=== WHAT IS NEEDED ===
Without the images, repeat every line of the listing verbatim.

=== DATA BELOW ===
══════════
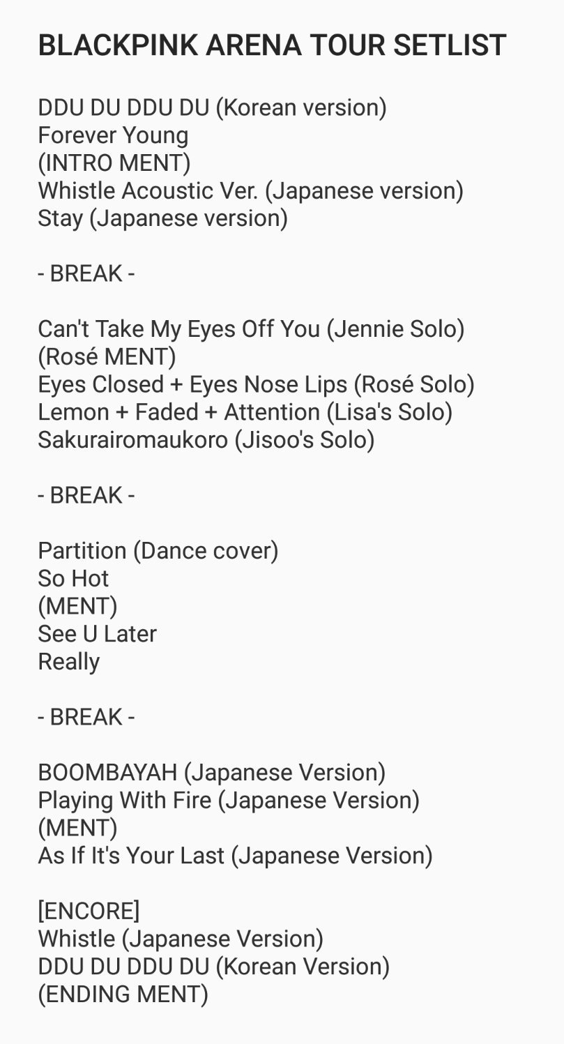 View average setlists openers closers and encores of BLACKPINK for the tour BLACKPINK Japan Arena Tour 2018. BLACKPINK Japan Arena Tour 2018 8 BLACKPINK Japan Premium Debut Showcase 1 BLACKPINK World Tour IN YOUR AREA 38 THE SHOW 1 Songs. Listen free to BLACKPINK BLACKPINK ARENA TOUR 2018.
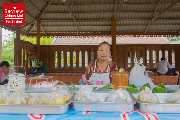 “เมี่ยงหวาน” (ซ้าย) ถูกห่อด้วยใบตองอย่างดี  “โถ่พูเหลือง” (ขวาบน) ทำมาจากถั่วชนิดหนึ่ง รสชาติมันๆเค็มๆ และ “ข้าวเหลืองเนื้อลุง” (ขวาล่าง) หอมกลิ่นพริกแกงอร่อยเข้ากัน
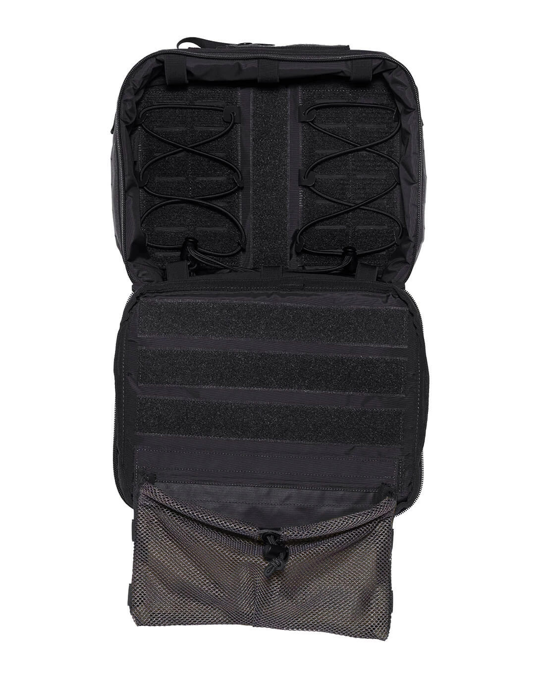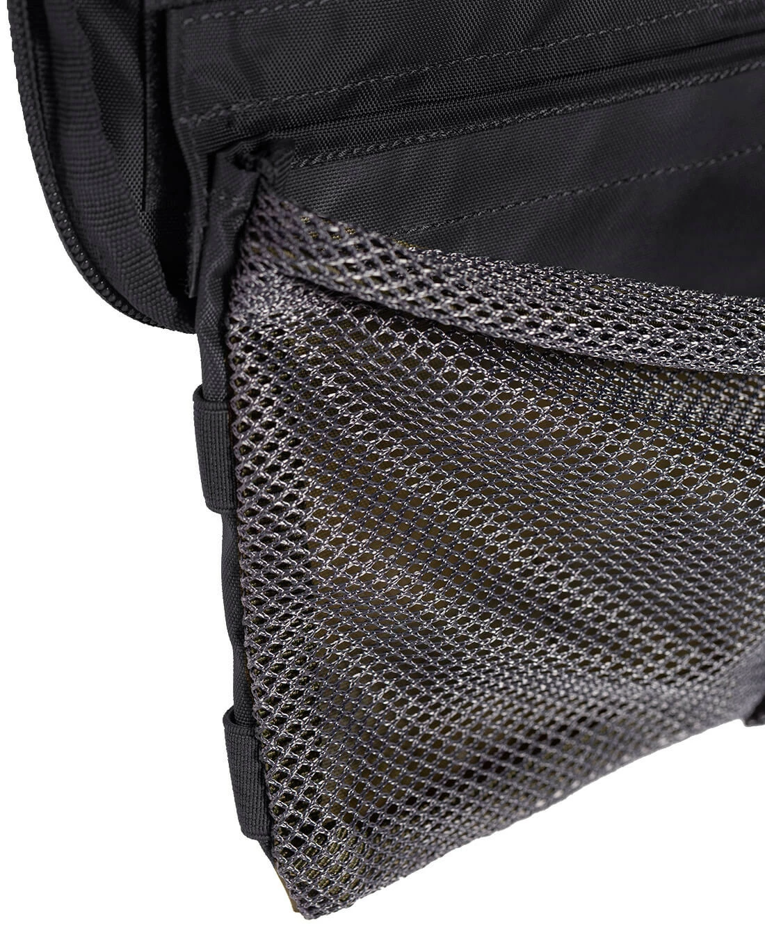 Der TT Modular Support Bag lässt sich einfach nach vorne öffnen und bietet auf der Innenseite M.O.L.L.E.-kompatible Klettflächen und Bungee-Cord zur individuellen Ausstattung der Tasche. Durch die smarte Innenaufteilung mit zahlreichen Befestigungsmöglichkeiten erlaubt der TT Modular Support Bag eine optimale Übersicht und beispiellose Ordnung. Hier finden medizinische Komponenten einen idealen Platz. Natürlich kann der TT Modular Support Bag auch als klassischer Go Bag oder auch Get Home Bag mit diversen Tools und verschiedener Ausrüstung genutzt werden. Auf Seiten und Front befinden sich bewährte M.O.L.L.E.-Schlitze im Lasercut Design, um auch hier benutzerdefinierte Erweiterungen zu befestigen.
══════════
=== THE ANSWER ===
 View average setlists openers closers and encores of BLACKPINK for the tour BLACKPINK Japan Arena Tour 2018. BLACKPINK Japan Arena Tour 2018 8 BLACKPINK Japan Premium Debut Showcase 1 BLACKPINK World Tour IN YOUR AREA 38 THE SHOW 1 Songs. Listen free to BLACKPINK BLACKPINK ARENA TOUR 2018.
 “เมี่ยงหวาน” (ซ้าย) ถูกห่อด้วยใบตองอย่างดี  “โถ่พูเหลือง” (ขวาบน) ทำมาจากถั่วชนิดหนึ่ง รสชาติมันๆเค็มๆ และ “ข้าวเหลืองเนื้อลุง” (ขวาล่าง) หอมกลิ่นพริกแกงอร่อยเข้ากัน
 Der TT Modular Support Bag lässt sich einfach nach vorne öffnen und bietet auf der Innenseite M.O.L.L.E.-kompatible Klettflächen und Bungee-Cord zur individuellen Ausstattung der Tasche. Durch die smarte Innenaufteilung mit zahlreichen Befestigungsmöglichkeiten erlaubt der TT Modular Support Bag eine optimale Übersicht und beispiellose Ordnung. Hier finden medizinische Komponenten einen idealen Platz. Natürlich kann der TT Modular Support Bag auch als klassischer Go Bag oder auch Get Home Bag mit diversen Tools und verschiedener Ausrüstung genutzt werden. Auf Seiten und Front befinden sich bewährte M.O.L.L.E.-Schlitze im Lasercut Design, um auch hier benutzerdefinierte Erweiterungen zu befestigen.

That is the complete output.